RECORDED DATA Block Start

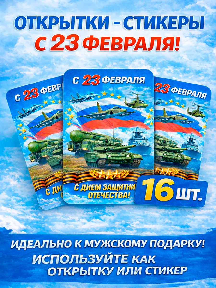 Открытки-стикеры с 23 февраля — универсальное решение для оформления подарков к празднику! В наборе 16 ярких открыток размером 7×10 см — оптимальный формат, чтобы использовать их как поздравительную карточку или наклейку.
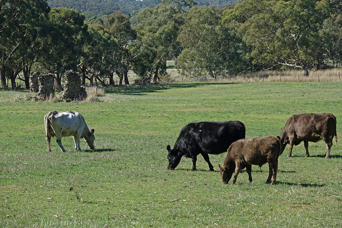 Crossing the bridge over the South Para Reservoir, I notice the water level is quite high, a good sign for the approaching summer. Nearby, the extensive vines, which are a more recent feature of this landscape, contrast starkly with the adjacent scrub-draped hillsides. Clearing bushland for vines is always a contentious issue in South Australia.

RECORDED DATA Block End
RECORDED DATA Block Start

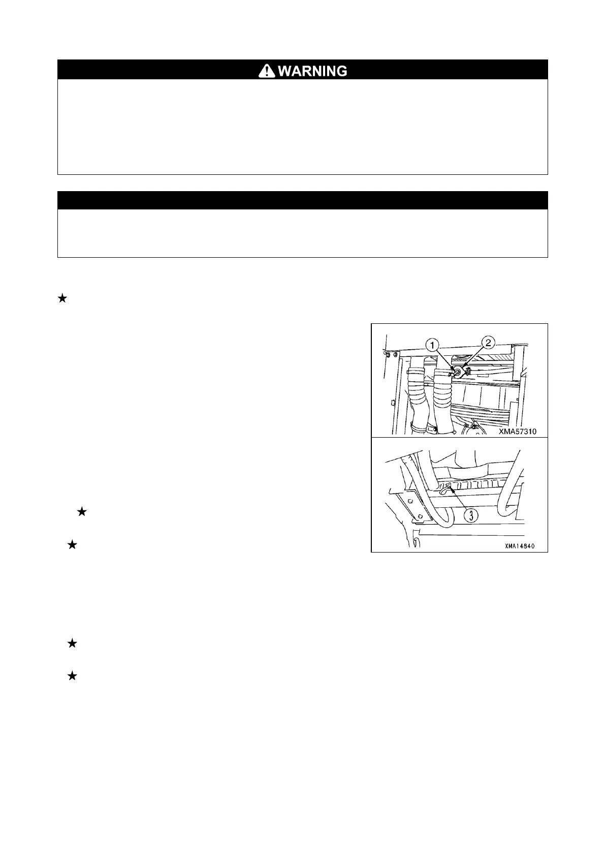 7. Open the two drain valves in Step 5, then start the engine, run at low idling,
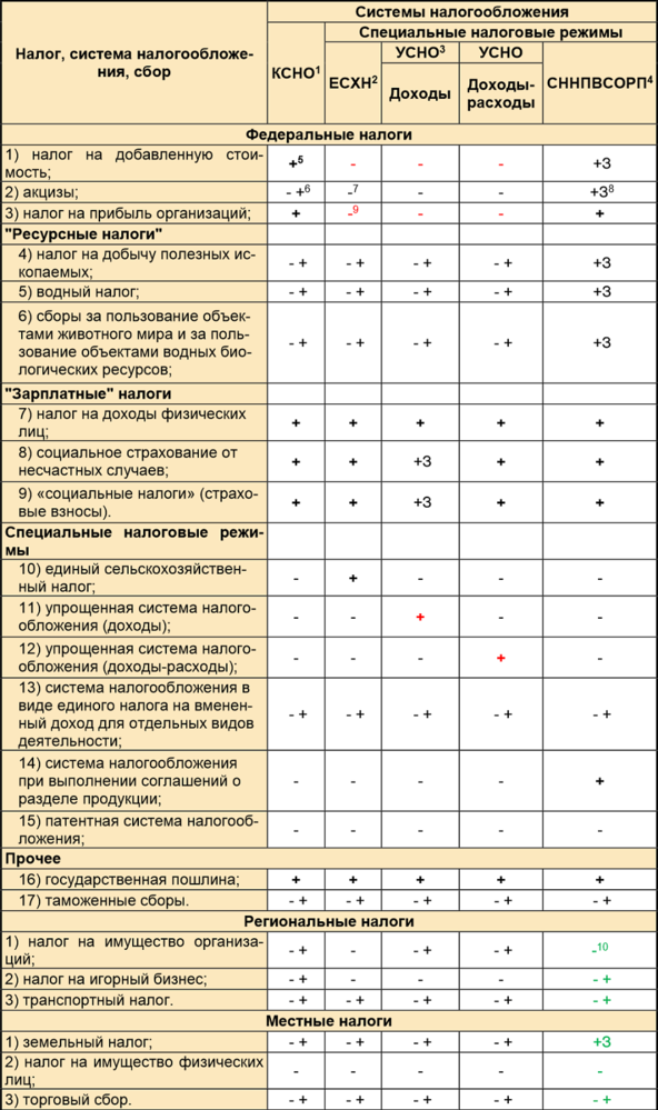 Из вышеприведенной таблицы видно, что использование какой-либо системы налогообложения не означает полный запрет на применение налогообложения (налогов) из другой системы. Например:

RECORDED DATA Block End

## EXERCISE GOAL
Once the line with "Открытки-стикеры с 23" is found above, transcribe each line from it through the line with "Crossing the bridge", exactly, and omit the pictures.

## EXERCISE OUTPUT
 Открытки-стикеры с 23 февраля — универсальное решение для оформления подарков к празднику! В наборе 16 ярких открыток размером 7×10 см — оптимальный формат, чтобы использовать их как поздравительную карточку или наклейку.
 Crossing the bridge over the South Para Reservoir, I notice the water level is quite high, a good sign for the approaching summer. Nearby, the extensive vines, which are a more recent feature of this landscape, contrast starkly with the adjacent scrub-draped hillsides. Clearing bushland for vines is always a contentious issue in South Australia.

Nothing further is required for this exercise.